Tackk will be shutting down on 9.30.17 - Export your Tackks

# Does "Up" Defy Physics?

### Can balloons be used to lift a house?

Can balloons be used to lift a house? According to the Disney Pixar movie "Up" they can. For those of you who don't know what "Up" is here is the premise in why Carl made a flying house(I'll try to keep this SPOILER free!):

The movie starts with a young Carl in the movies watching a documentary on his adventurous hero Charles Muntz. In the end of the flick Muntz heads to Paradise Falls. Though this wasn't inspiration enough to go to Paradise Falls, when he meets another adventurous mind in the form of Ellie they decide that they want to move to Paradise Falls. Something happens Ellie and they are unable to go together, but Carl still wants to go! Due to Carl's immense attachment to his house he decides, "I'll just bring my house with!"

And he does it! With some will-power and little physics Carl floats his house to Paradise Falls with balloons. How many balloons does Carl use? How effective would they be?

# How heavy is the house?

Pixar reports to have animated 20,622 for the liftoff scene. Other floating scenes have just 10,297. Let's take 20,622 into rather than the later.

Using a force sensor a 13 party balloons I was able to find the average force that a single party balloon would exert on the house (Special thanks to Mr. Schmitt and Ms. Jacobs and Ms. Science-Over-looker for all the help!)

Total Force = .341N Upward Force of 13 balloons

Average Force = .0262N Upward Force of one balloon

That is a small force. So to do a quick double check use Archimede's Principle to approximately solve for the force.

F=(helium density)(acceleration due to gravity)(volume of a balloon with a radius of 6in)

F = .1785(kg/m^3) * 9.8(m/s^2)*.01483(m^3)

F =.0259N

To put this into perspective it would take 20,000+ balloons to lift Mrs. Jacobs!

F=ma

With the average mass of a house being from 80,000lbs-160,000lbs, the force needed to lift a smaller house would more than 355,858N = 13.6 million party balloons. On the high end it would need to be more than 711715.4592N =  27.2 million party balloons!

# How many balloons would it take on another planet?
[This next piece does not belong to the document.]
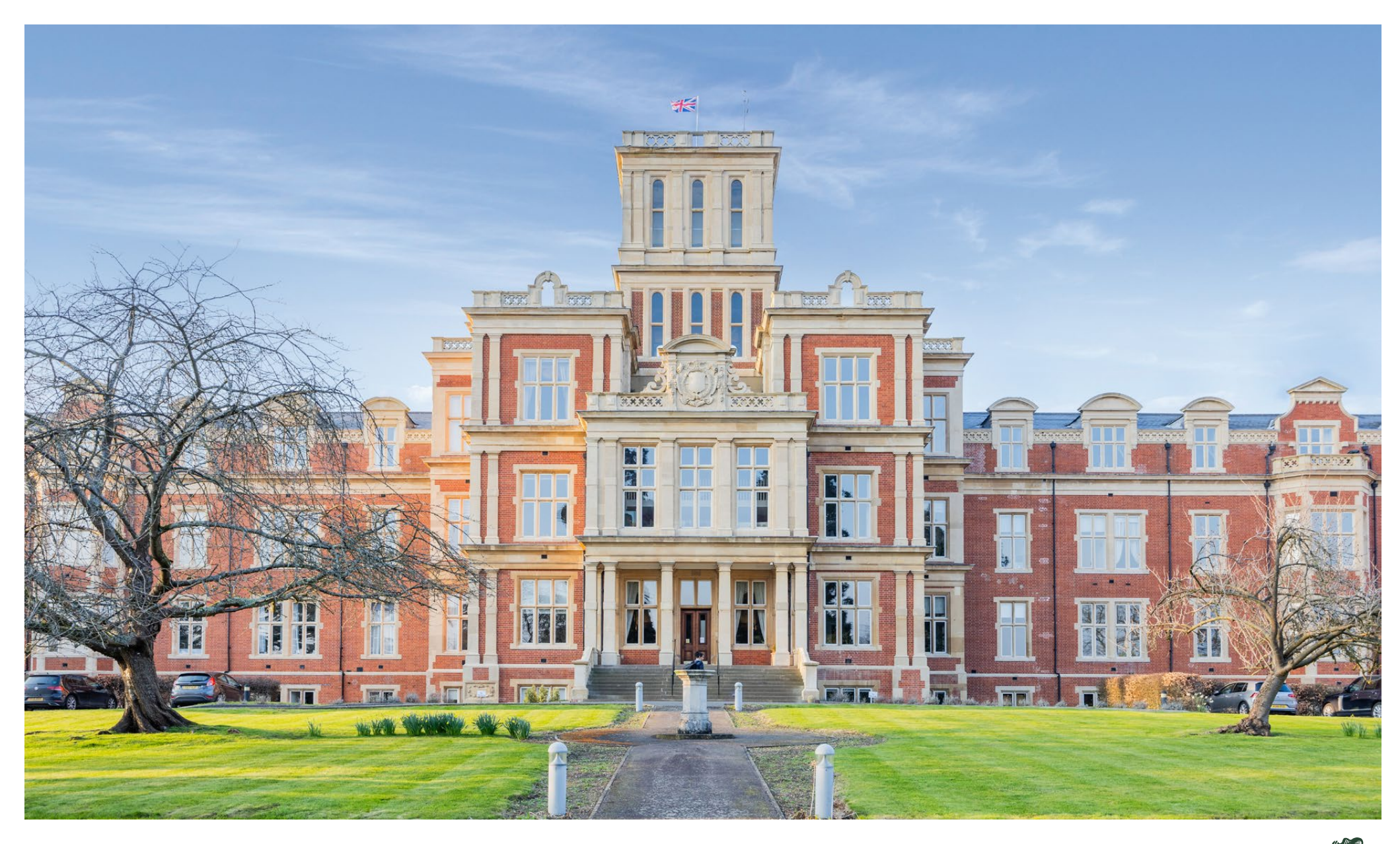
Royal Earlswood Park Redhill RH1 6TE £600,000

By substituting the force that I found a single balloon to exert back into  Archimedes' Equation I was able to fine the average volume of these balloons: .0150m^3 = V

The tricky thing with this is due to the gravity change there will be a different weight of the house, therefor a different force needed to lift the house. Also, the atmospheric density is different. All this considered here are the result to Venus and Mars!

### Mars

The gravity on Mars is 3.711m/s^2

The atmospheric density of  .0155kg/m^3

RED FLAG! HALT! No matter how many balloons you use on Mars it would be impossible to lift the house through the air. Even though the house will be much lighter than on earth the air density on Mars is so low that the balloons would actually sink!

### Venus

Gravity of Venus is 8.87m/s^2

Atmospheric density is 65kg/m^3

Now here is a perfect example of a planet that is ideal for helium balloon travel. With the crazy rise in atmospheric density the amount of buoyant force that each balloon exerts jumps from .0262N to 8.61N.

The force that Venus exerts on the house would be ranging from 322.088N to 644,175N.

Only 37,409 balloons to 74,818 balloons would be needed!

### WAS "UP" ON VENUS?

Of course these are merely models though. And these models are far from complete. There are a few open ended questions, though, that I would like to keep you pondering:

Where did the balloons come from anyway?!

How would the hotter temperature of Venus affect the balloons?

How high would the balloons travel before coming to a rest or bursting?

How does the gravity affect the net force between the house and the balloons?

### Work Cited

"Gases - Densities." Gases - Densities. N.p., n.d. Web. 16 Dec. 2014.

":: NASA Quest Aerospace ::." :: NASA Quest Aerospace ::. N.p., n.d. Web. 15 Dec. 2014.

Rastogi, Nina. "How Many Balloons Would It Take to Lift a House like the One in Pixar's Up?" N.p., n.d. Web. 16 Dec. 2014.